[Information provided — start]

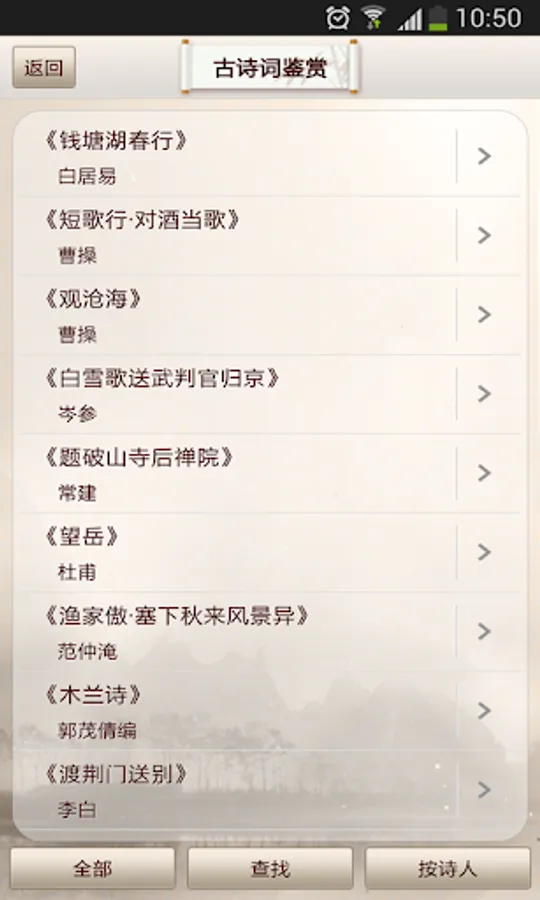 Appreciation of ancient poetry, poetry collection and a number of dynasties of Yuan Dynasty classical fashion theme, including the ten thousand ancient works, this application permanently free, is the choice for millions of users are welcome to use.
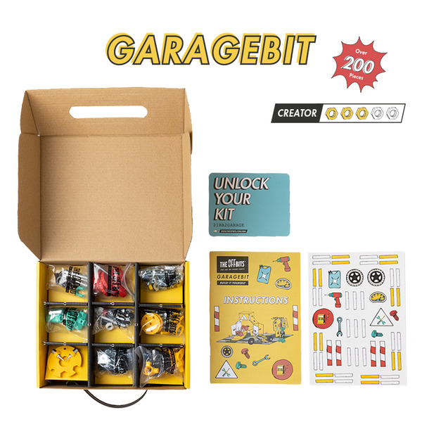 Saglabā savus transportlīdzekļus ideālā stāvoklī ar GarageBit, kurā ir vairāk nekā 200 krāsaini uzgriežņi, skrūves, formas uzgaļi, uzlīmes un mūsu bezatkritumu daudzfunkcionālais iepakojums, kas pārvēršas par daļu no spēles pieredzes.
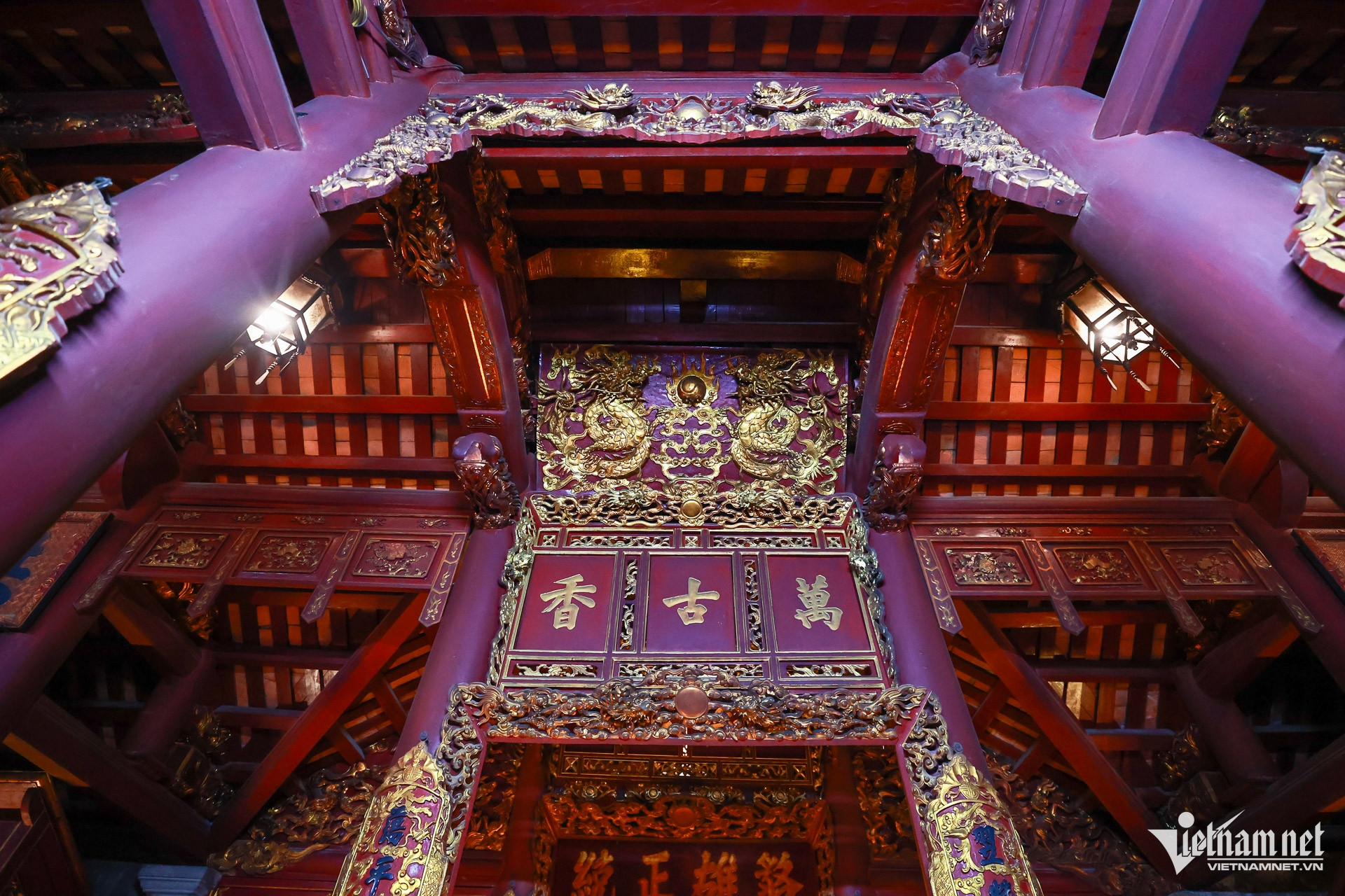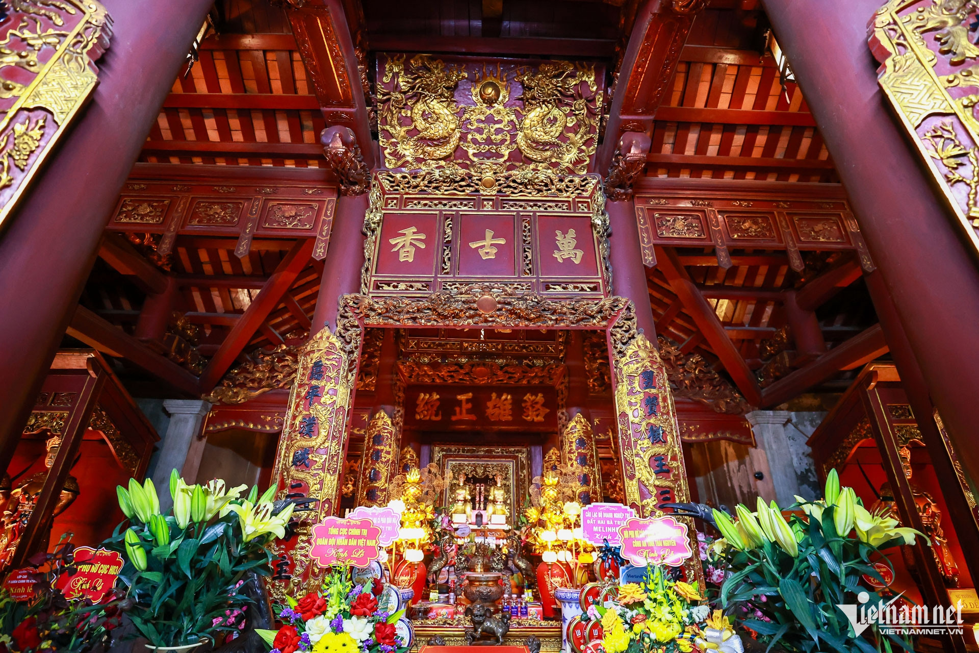 Tam tòa chính điện và các đền thờ hai phía tả, hữu là những kiến trúc bằng gỗ lim được chạm trổ họa tiết sinh động và tinh tế. Tượng thờ, nội thất, hoành phi, câu đối được sơn son thếp vàng hài hòa, lộng lẫy và trang nghiêm.

[Information provided — finish]

Problem statement | What is needed is the listing above, repeated verbatim, without its images.

Exercise answer |
 Appreciation of ancient poetry, poetry collection and a number of dynasties of Yuan Dynasty classical fashion theme, including the ten thousand ancient works, this application permanently free, is the choice for millions of users are welcome to use.
 Saglabā savus transportlīdzekļus ideālā stāvoklī ar GarageBit, kurā ir vairāk nekā 200 krāsaini uzgriežņi, skrūves, formas uzgaļi, uzlīmes un mūsu bezatkritumu daudzfunkcionālais iepakojums, kas pārvēršas par daļu no spēles pieredzes.
 Tam tòa chính điện và các đền thờ hai phía tả, hữu là những kiến trúc bằng gỗ lim được chạm trổ họa tiết sinh động và tinh tế. Tượng thờ, nội thất, hoành phi, câu đối được sơn son thếp vàng hài hòa, lộng lẫy và trang nghiêm.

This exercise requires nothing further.